Saturday, March 14, 2009

イスラエルの名の由来

その人は彼に言った、「あなたの名はなんと言いますか」。彼は答えた「ヤコブです」。その人は言った、「あなたはもはや名をヤコブと言わず、イスラエルと言いなさい。あなたが神と人とに、力を争って勝ったからです」                 創世記32章27~28節
アブラハムの孫ヤコブは、エドムの、野に住む兄エソウと会うためにヤボクの渡しまでやってきたのです。二人の妻、二人の仕え女、十一人の子供たちと荷物を渡した後、ヤコブは一人の人と夜明けまで組打ちをしたのです。そのときその人は、祝福を求めたヤコブに「イスラエルと名乗るように」と言われたのです。このときヤコブは、400人を連れて出迎えに来るという兄をひどく恐れていたのです。二十年ぶりに会う兄から「長子の特権」を奪ったヤコブでしたから、身の安全、また愛するものを守るためにいろいろなことを考え実行したのです。伯父ラバンの仕打ちに耐えてきましたが、兄の前に立つ確信が得られなかったのでしょう。
しかし、主にある苦しみや試練を経験することで、クリスチャンたちは霊的に逞しく成長し、普段の生活の端々に、強い意志を持った人間として成長した姿を見せられるようになっていきます。
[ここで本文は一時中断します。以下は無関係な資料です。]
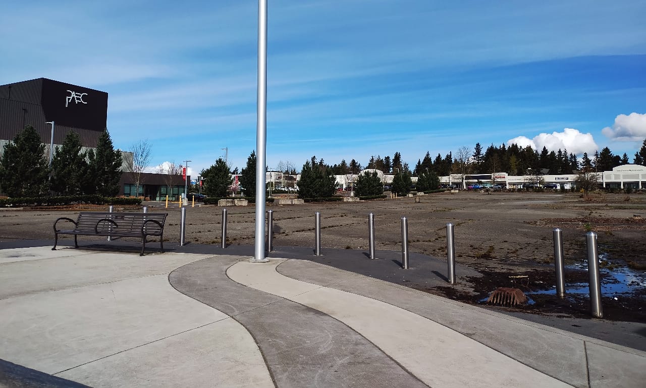 Federal Way has been making moves in fits and starts to turn the area around its transit center into a more dense, walkable downtown area for decades now. In 2007, the city purchased four acres immediately across the street from transit, but the timing of that move immediately before the Great Recession meant that it didn’t move forward and an interim use for the site as a downtown park was ultimately made permanent. Discussions around incentivizing developers to come to “downtown” Federal Way date to even earlier.
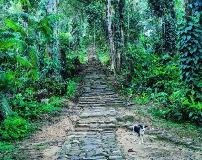 Dagens vandring börjar tidigt med en stigning upp mot ruinkomplexet, som ligger på cirka 1 200 höjdmeter. Den sista biten till Lost City sker via en brant stentrappa med 1 200 steg i olika former och storlekar. Vägen uppför trappan är utmanande, men när du når toppen kan du klappa dig själv på axeln och njuta av den imponerande utsikten som möter dig. Detta 35 hektar stora område består av ett komplext system av byggnader, vägar och trappor, som förbinds av över 150 terrasser, platser och stenlagda stigar utspridda längs bergssidorna. Från toppen får du en fantastisk vy över den täta djungeln och det imponerande ruinkomplexet.
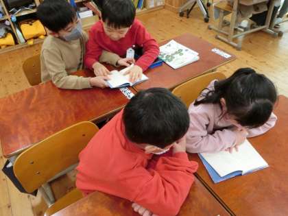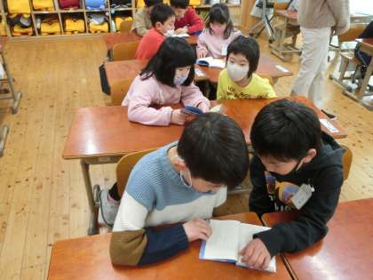 国語の時間に,工藤直子さんの詩集「のはらうた」を読んでいます。教科書には,「かたつむりのゆめ」「はちみつのゆめ」という詩が載っています。どちらもすてきな夢の詩です。「のはらうた」には,「にじひめこ」さん,「とかげりょういち」さん,「ありんこたくじ」さん,「やまばとひとみ」さんなど,他にもたくさんの野原の仲間が登場します。教科書の「かたつむりでんきち」さんや「こぐまきょうこ」さんの違う詩も載っています。みんな,楽しみながら想像したり,声に出して読んだりしています。

ヤコブにとって「イスラエルと名乗る」ことは、12使徒のシモンが「岩のような信仰」を目指す者となるようにと「ペテロ」となずけられた以上に、大きな神さまからのチャレンジであり、祝福であったことでしょう。主にある苦しみは賜物であって、祝福と大きな導きが伴います。いや、試練を経てこそその人が生まれ変わって主にお仕えするのに十分な備えができ、神の子にふさわしいよき香りを放つキリスト者となるのではないでしょうか。